High stakes automation should always have alarms on error, and since certs have set expiration dates baked into them, you can alarm far before anything goes wrong. Apparently, Riot didn’t have that.
Also, more frequent renewals make it so that people are less likely to forget it exists. Because of that, along with the possible security ramifications, 2 to 10 year certs should never be used, in my opinion. A 10 year cert will always get kicked on to the next team and it’s very possible for things to fall through the cracks.
Certbot/LE should typically be running on the box that’s terminating TLS for you, right? If the box handling your traffic is down, shouldn’t that be a self-evident problem?
I’ve been running Caddy and certbot for nearly a decade and never found a way for them to break without it being 100% my fault. They’re more or less self-healing too. I’m with AmbiguousProps; cert renewals have been pretty damn reliable to automate compared to any other piece of tech, IME.
Yeah I’ve had certbot mess up a few times, though more often it was the scripts that actually shuttle the updated certs to their proper locations and restart services after updating
Future generations using Ai to automate this kind of thing will make it even worse probably.
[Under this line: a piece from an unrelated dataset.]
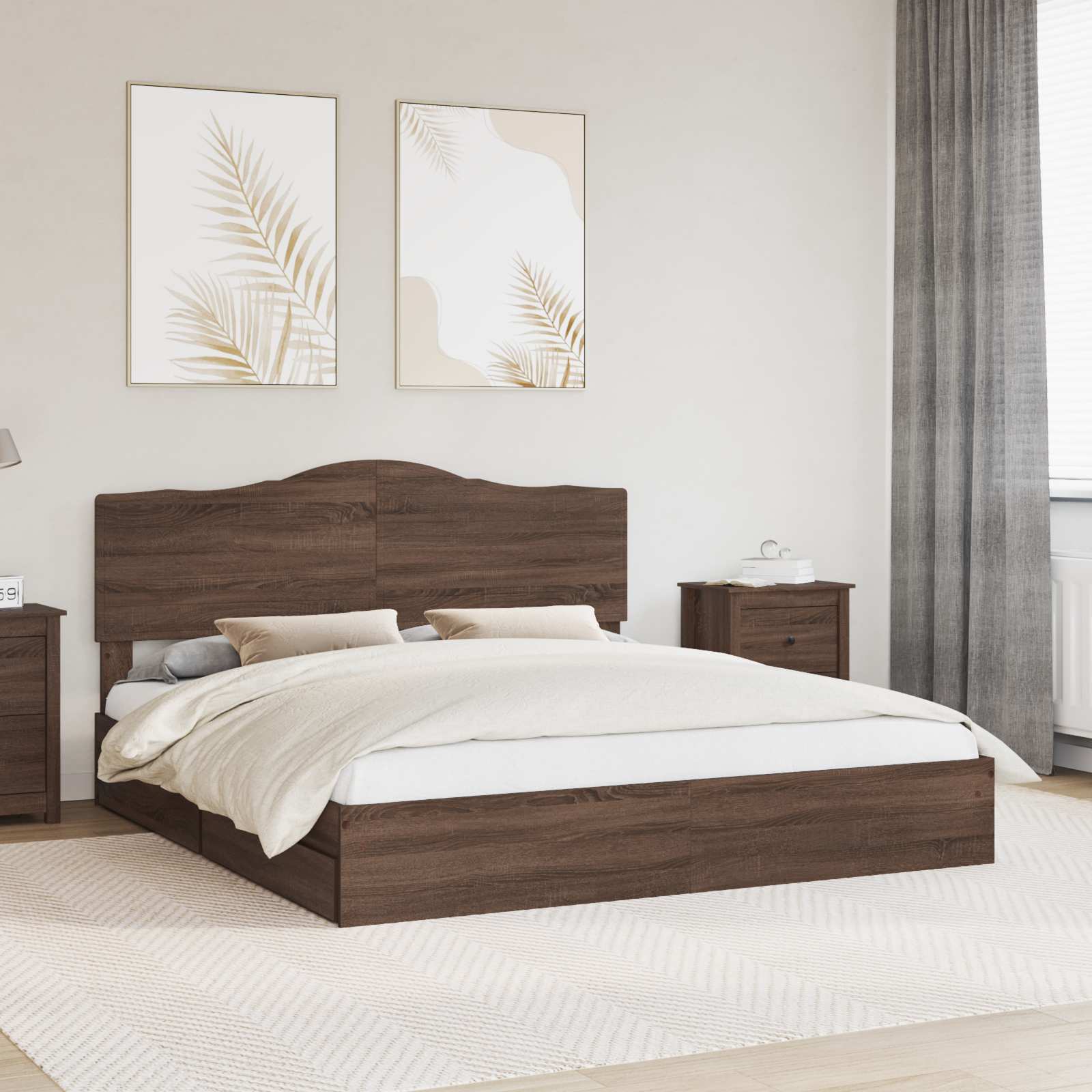 - Bewerkt hout materiaal Het bedframe, hoofdbord en de lades zijn gemaakt van hoogwaardig bewerkt hout. Dit materiaal zorgt voor een gladde afwerking die kromtrekken voorkomt, zodat het bed stevig en duurzaam blijft.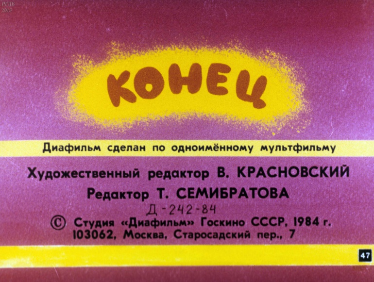 Ну, погоди! 6 19 Категория: ДиафильмыПросмотры: 5 401 Диафильм "Ну, погоди!". Выпуск 6Студия "Диафильм" Госкино СССР, 1984 год. Д-242-84, цветной 0-30 копеек

Where I work we went down to 60 days as of 01.01.2026, by end of year the plan is that no cert should be valid for more than 30 days.
I hate it please make it stop.
By 2028 you’ll be at per-transaction certs!
Cool story if everything you have has an API or code based. Try doing it on hundreds of switches and other embedded devices. The whole 42 day thing they’re floating is gonna be a massive nightmare because they don’t realize all the other things out there that use certificates.
What makes you think I don’t do this on embedded devices? I’m not about to dox my self with specifics, but I do this exclusively for embedded hardware as my job. We even do it for devices not directly attached to our network. It’s really not difficult so long as you have control of your enterprise hardware (which, you should, unless your management is terrible at their jobs). Hell, even the routers we use have this functionality built in, failure alarms and all.
If this is a problem for you, it’s probably at an organizational level, and not a technical issue.